[DATASET CONTENT Boundary: Start]

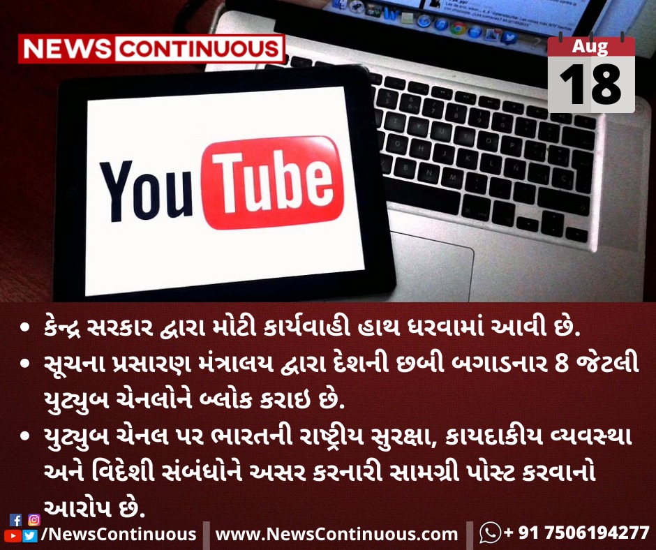 સૂચના પ્રસારણ મંત્રાલય(Ministry of Information Broadcasting) દ્વારા દેશની છબી બગાડનાર 8 જેટલી યુટ્યુબ ચેનલોને(YouTube channels) બ્લોક(Block) કરાઇ છે.
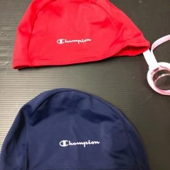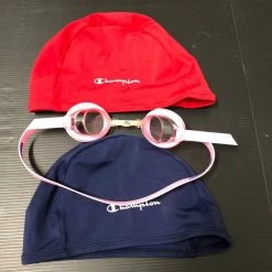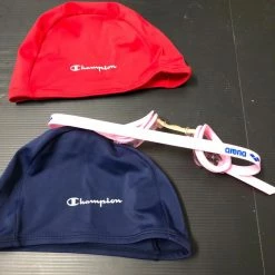 2 παιδικά σκουφακια Champion και ένα ζευγάρι γυαλιά κολυμβητηρίου Arena σε άριστη κατάσταση
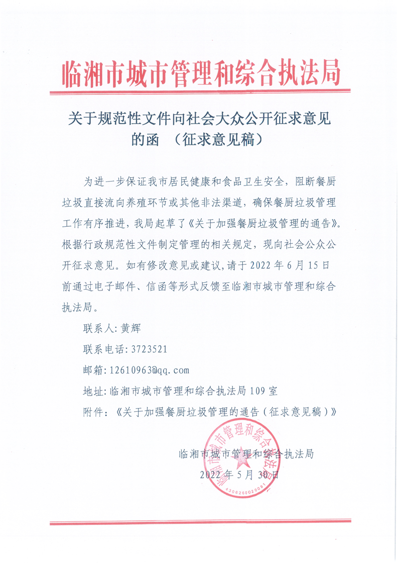 关于加强餐厨垃圾管理的通告(征求意见稿)
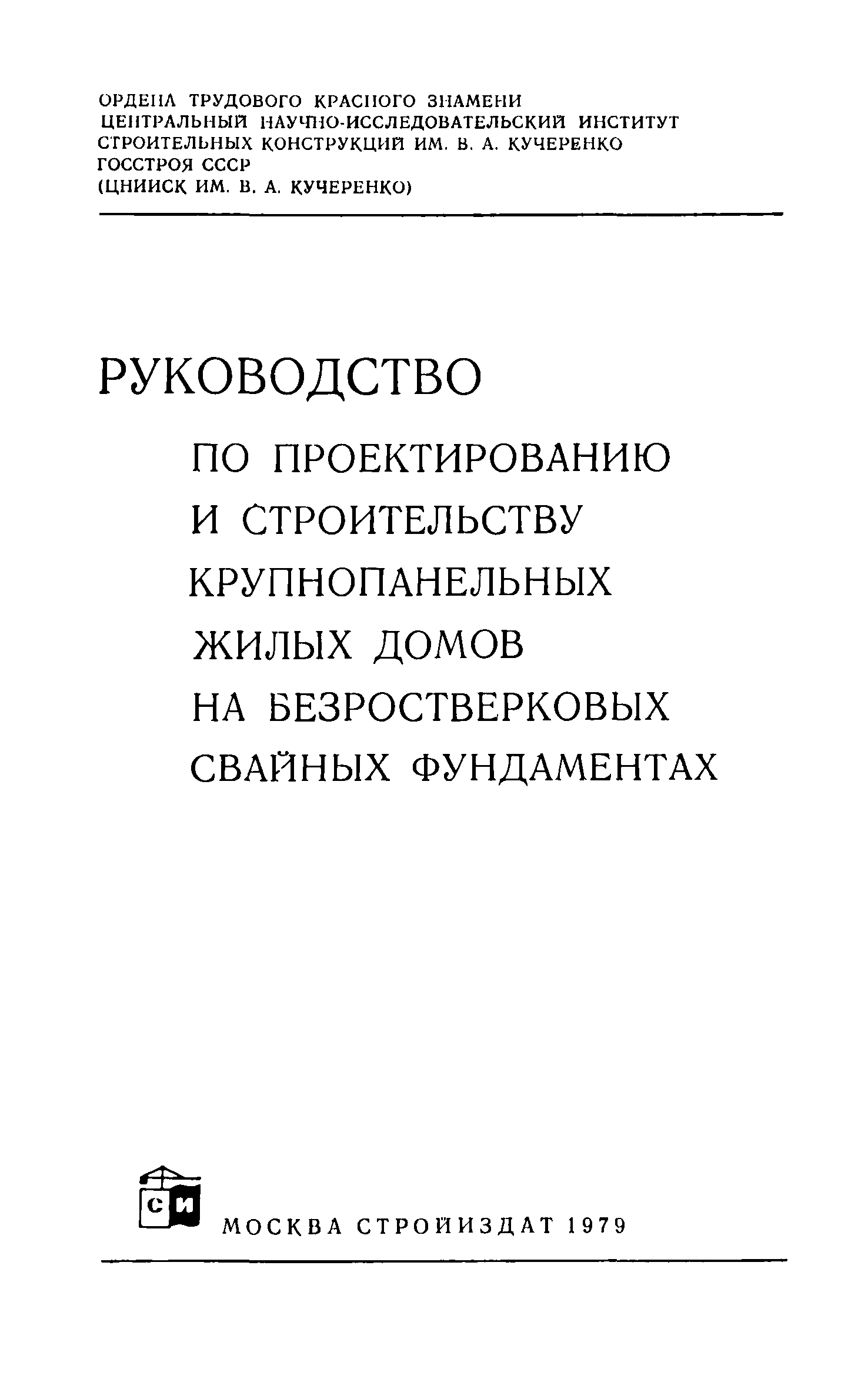 | Название рус.: | Руководство по проектированию и строительству крупнопанельных жилых домов на безростверковых свайных фундаментах |

[DATASET CONTENT Boundary: End]

Take the material above and set it down exactly, minus the images.

 સૂચના પ્રસારણ મંત્રાલય(Ministry of Information Broadcasting) દ્વારા દેશની છબી બગાડનાર 8 જેટલી યુટ્યુબ ચેનલોને(YouTube channels) બ્લોક(Block) કરાઇ છે.
 2 παιδικά σκουφακια Champion και ένα ζευγάρι γυαλιά κολυμβητηρίου Arena σε άριστη κατάσταση
 关于加强餐厨垃圾管理的通告(征求意见稿)
 | Название рус.: | Руководство по проектированию и строительству крупнопанельных жилых домов на безростверковых свайных фундаментах |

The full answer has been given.